A young sailor sits hunched in his quarters in San Francisco on a Sunday evening. He’s due to ship out to the Pacific any day now. But right now, there’s only one thing on his mind.

And, curiously enough, the radio in his room seems to know what it is.

Oh Rose Marie, I love you
I’m always dreaming of you

Ensign Cletus Joseph McCann, BS’41, JD’48, makes note of the song — the title track from the 1936 MGM musical Rose Marie — as he scribbles a letter in hasty cursive to his fiancée, Ensign Rosemary Mulligan, BS’41.

The two had gotten engaged just two weeks previously at Colonial Lake in Charleston, South Carolina, when Cletus paid a whirlwind visit to Rosemary at her duty station. Now, Cletus writes, he feels overwhelmed with all the things he wants to say that he can’t seem to put on paper.

“Well,” he writes, “we can make it up when this is all over, and we sit around on an evening telling the children sea stories, and (about) when we were in the Navy — and about Colonial Lake and the great event that took place on its shore.”

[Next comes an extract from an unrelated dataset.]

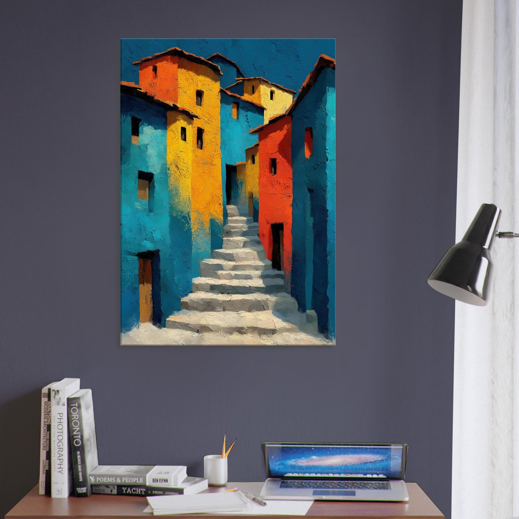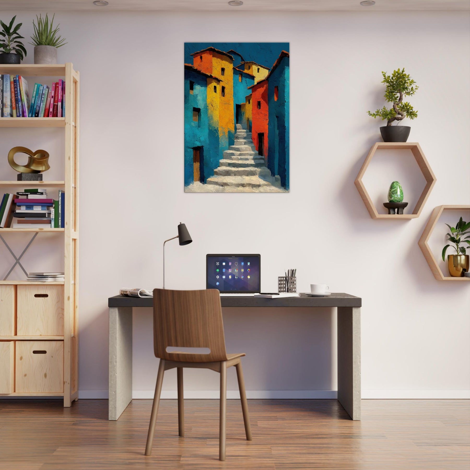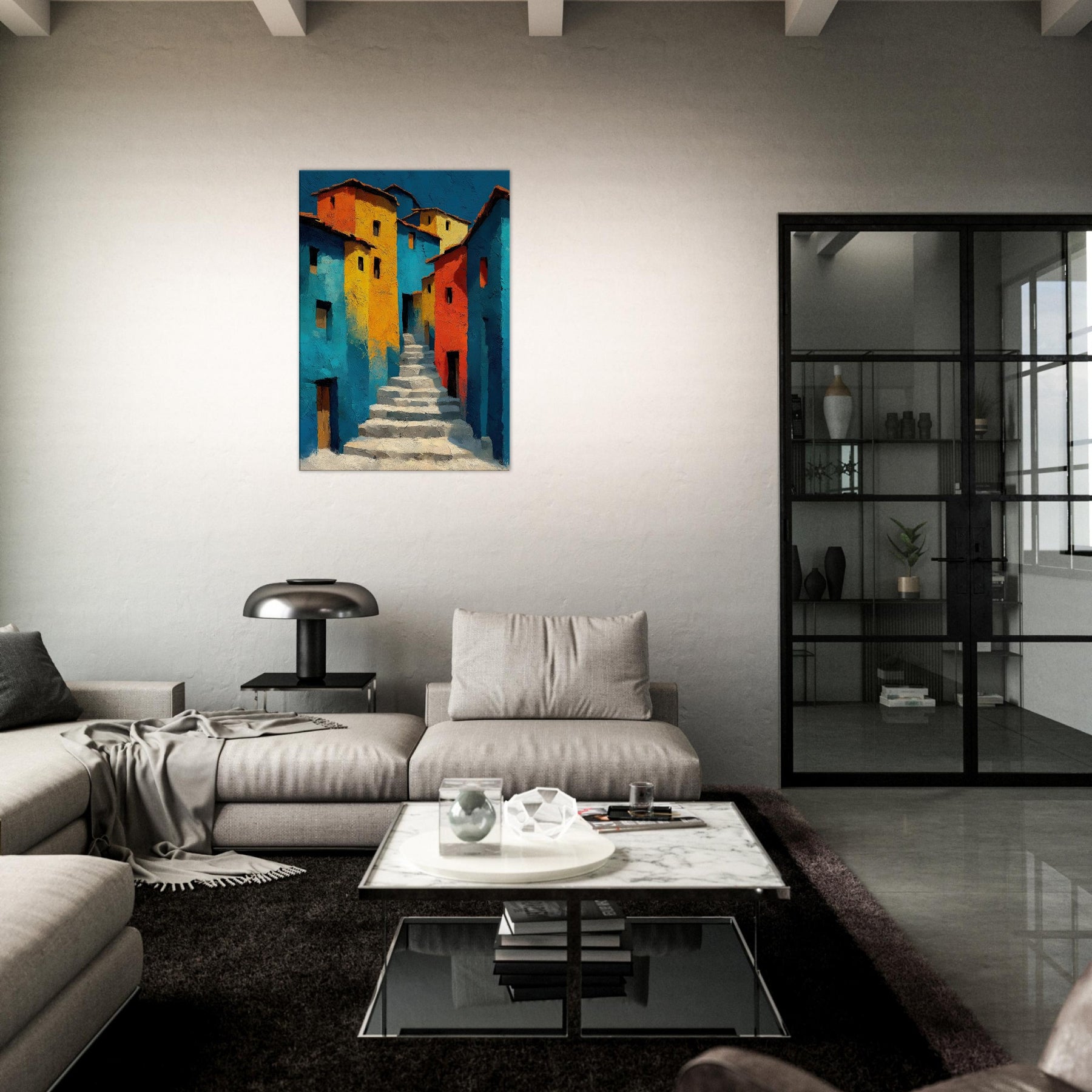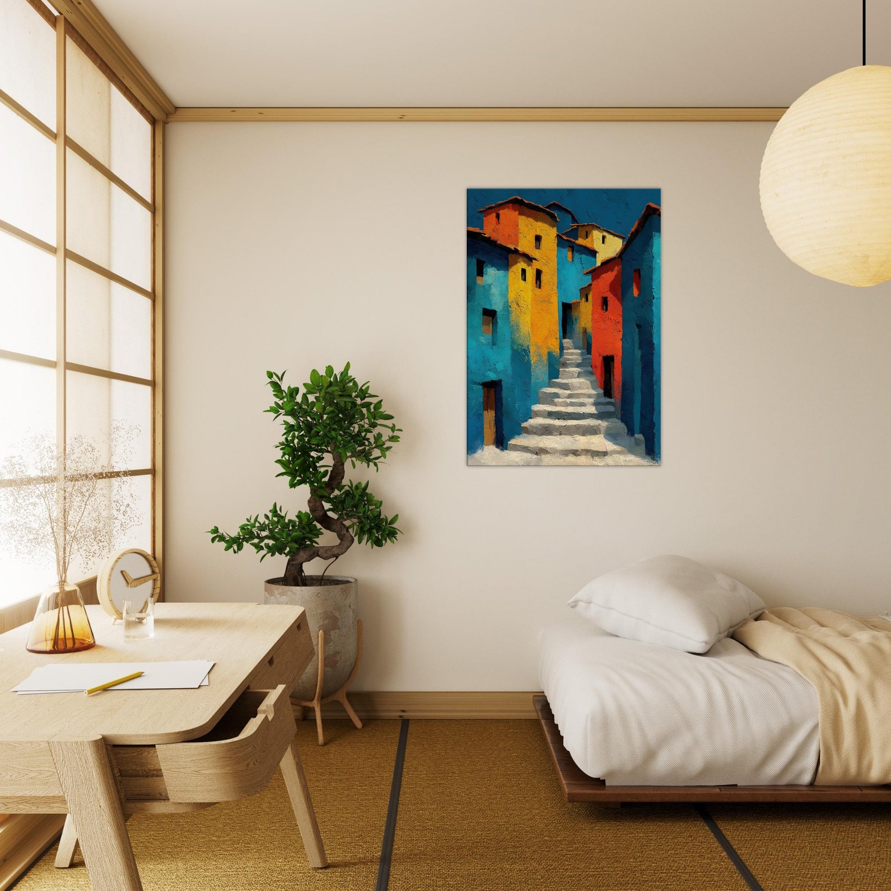 Mountain Village unfolds in a tapestry of bold tones and sweeping geometry, where sunlit windows glow and stairways invite the eye upward. This abstract portrayal captures the intimate drama of a hillside town, turning architectural rhythm into a dance of color and light. The piece adds a pulse of energy to any room perfect above a sofa or in a creative nook encouraging leisurely contemplation and playful seating arrangements. Its warmth and movement immerse the viewer in a tranquil, city meets mountain atmosphere.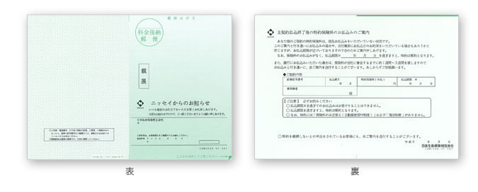主契約の保険料払込が終了しているご契約で、特約保険料の払込みがお済みでない契約について、特約保険料払込をご案内をする通知。

The love letter is just one of 100 others that Cletus (who later went by his middle name, Joseph) wrote to Rosemary between December 1944 and October 1945. In meticulous detail, the letters document the young couple’s relationship as they navigated an engagement and marriage during the waning months of World War II.

For any reader, the letters are an almost cinematic glimpse into the personal lives of two young Creighton alumni at a critical turning point in their lives, when their futures were still being shaped by historic world events. But for Maureen McCann Waldron, BA’75, MA’98, retired associate director in Creighton’s Collaborative Ministry Office and the fourth of the couple’s six children, they’re even more precious.

In the letters, I can see the beginnings of the people they both grew to be.
— Maureen McCann Waldron, BA’75, MA’98

“They’re a chance to get to know my parents as young people,” says Maureen, who, after discovering the letters in a drawer at her mother’s assisted living facility after her father’s death, had them copied and bound for her siblings. She has since sent the originals to the Center for American War Letters at Chapman University.

The collection consists of only one side of the correspondence: Cletus’ letters to Rosemary. Maureen suspects that her father, stationed on several vessels during the Pacific Theater of the war, probably had to toss her mother’s letters overboard in the interest of traveling light.

Still, she says, the letters have given her a vivid new perspective on who her parents, now both deceased, were.

“I knew my father as a typical ’50s dad of six children,” Maureen says. “But in these letters, he’s so romantic, so optimistic, so hopeful about the future. In the letters, I can see the beginnings of the people they both grew to be.”

Pre-War

Cletus was born in 1918 in Creston, Iowa. He graduated high school at the age of 16 and eventually enrolled at Creighton.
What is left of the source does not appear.